LIVING FOR CHANGE
MLK’s Visionary Legacy
By Grace Lee Boggs
Michigan citizen, Feb. 3-9. 2008
I’ve learned a lot from MLK celebrations over the years.
For example, during the 15th annual University of Michigan celebration in 2002 I participated in a “Futuring” conference designed by my old friend, School of Natural Resources and the Environment Professor Bunyan Bryant, to encourage us to dream, as MLK did, of the world we would like to live in. Bunyan believes Hope can be generated by “rehearsing the future.” Through stories, images and role plays, we broaden our consciousness to imagine ideas we might otherwise never consider.
The conference agenda included time for each of us to create our own vision of the future. In 2003 these stories were published in a little book entitled The Future: Images of the 21st century, edited by Bunyan Bryant.
My story was about how life for Detroiters in 2032 had been completely transformed because, inspired by Detroit Summer youth and elders, we were growing our own food and producing goods and services in neighborhood shops and offices. Young people felt needed and were no longer alienated because productive work for the community had been incorporated into the school curriculum.

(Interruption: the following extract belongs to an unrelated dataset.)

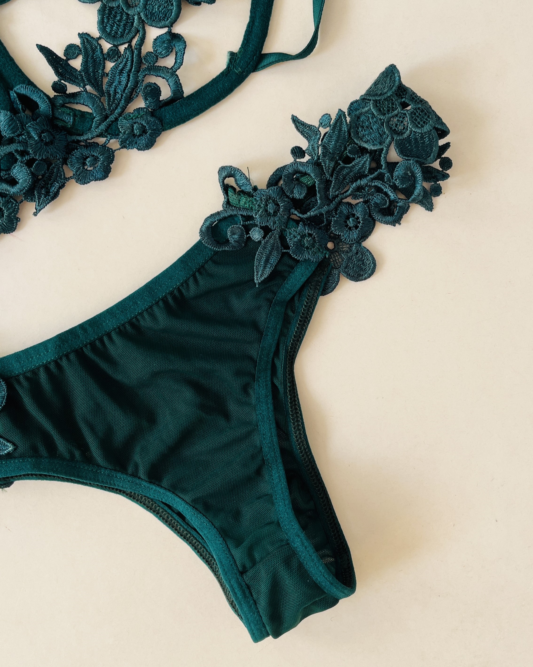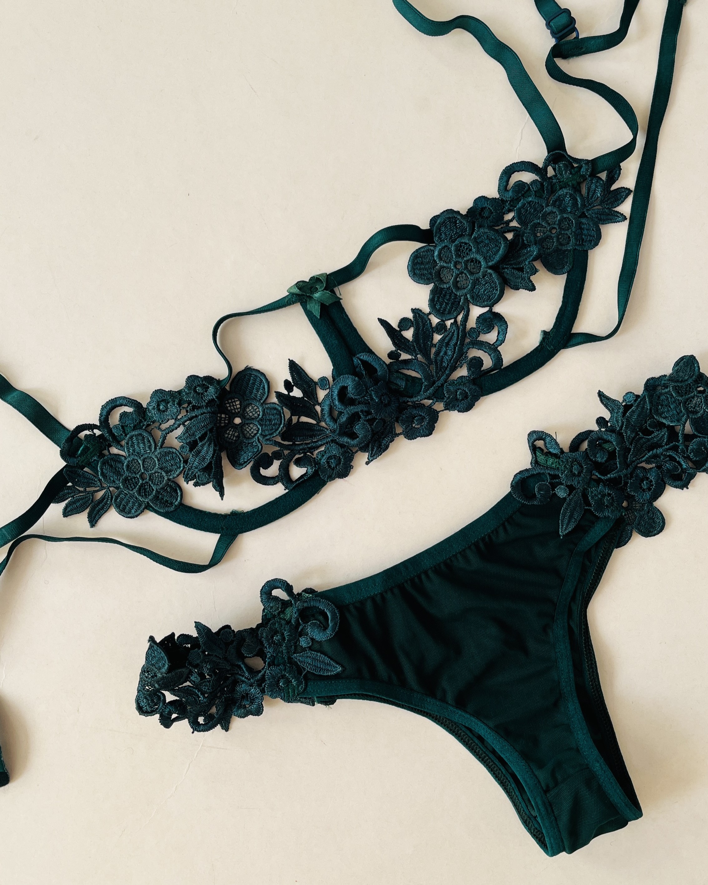 این ست با طراحی خاص و تمامدانتل، انتخابی ظریف و جسورانه برای خانمهایی است که به استایلهای فانتزی و متفاوت علاقه دارند. سوتین این مدل کاملاً از دانتل کار شده و به دلیل طراحی باز و ظریف خود، پوشانندگی زیادی ندارد و بیشتر جنبه زیبایی و فانتزی دارد تا استفاده روزمره.

That vision still motivates my activism in the Detroit-City of Hope campaign.
The next year I was the keynote speaker for the University of Michigan 16th annual MLK symposium. The theme was Gandhi’s iconic statement “We must be the change we wish to see in the world.” To prepare my speech I re-read Gandhi and discovered how much MLK had been influenced not only by Gandhi’s concept of non-violence but by his rejection of unlimited economic growth and western strategies of revolutionary struggle.
The abundance created by unlimited economic growth, Gandhi warned, would make it almost impossible to distinguish between Needs and Wants.

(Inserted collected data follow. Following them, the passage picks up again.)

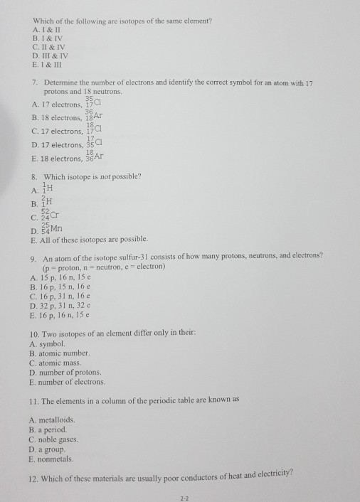 Solved Which Is The Correct Chemical Symbol In Isotopic N Chegg Com
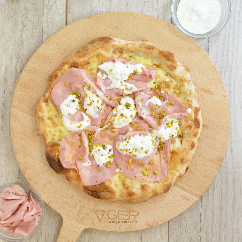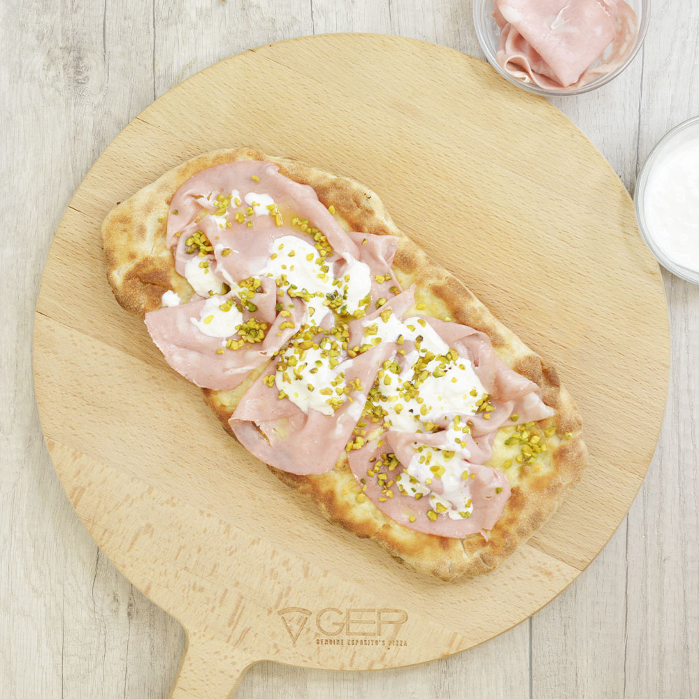 Base bianca con mortadella, stracciatella e pistacchi
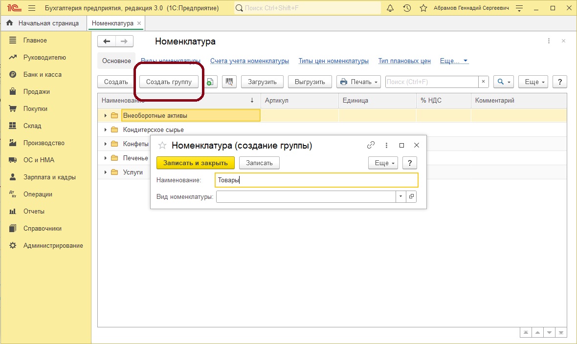 В появившемся окне в поле «Наименование» вводится название группы, например «Товары». Строку «Вид номенклатуры» не заполняем. Поле «Код» заполняется программой автоматически. Это порядковый номер нашего объекта. Программа сама присваивает каждому объекту код. Менять код не рекомендуется. Чтобы сохранить запись, нужно нажать кнопку «Записать и закрыть». Окно закроется, а в справочнике появится новая группа.

So we would end up enslaved by the temptations of material wealth and luxuries or what we now call “consumerism,”
The struggle for independence, Gandhi also warned, should not be mainly a struggle for state power but should revolve going to people at the grassroots, encouraging them to think for themselves and to create self-reliant local communities based on Work that preserves rather than destroys skills and encourages cooperation rather than competition, and on Education whose goal is building community rather than increasing the status and earning power of the individual.
Last Friday night I participated in the monthly film/speaker series at Marygrove College created by IHM Sisters Kim Redigan and Liz Walters.
Following the reading of MLK’s “Breaking the Silence” speech by poet Karega Ani and introductory remarks by me, we counted down into small groups of eight, to grapple with the questions posed in “The Fierce Agony of Now” Call issued by the Beloved Communities Initiative: Creating Healthy Communities, Sustainable Living, Immigration, Justice (see Michigan Citizen, January 13, 2008 or boggscenter.org)
The reports from the small groups were transformative. For example, most groups proposed that in order to build healthy communities we need to sponsor potlucks, study circles.,urban gardening. We can sit on front porches, talk to our neighbors, and walk and talk in our neighborhoods, Although these activities are simple, they are not easy in today’s world when many of us enter our homes through our garages.
The next day, at a family and community visioning meeting in my own neighborhood, I recalled how friendly we once were with our neighbors, running errands and baby sitting for each other. Now we are more afraid of one another, and especially of young people, than we used to be of wild beasts. How do we recover that sense of community? How do we bring the neighbor back into the ‘hood?
As we brainstormed around these questions, I was reminded of MLK’s bequest to us the night before he was assassinated. Desiring longevity but recognizing that his time was running out, he remained true to his visionary self. “The nation is sick,” he said. “Trouble is in the land. But I know somehow that only when it is dark enough can you see the stars.”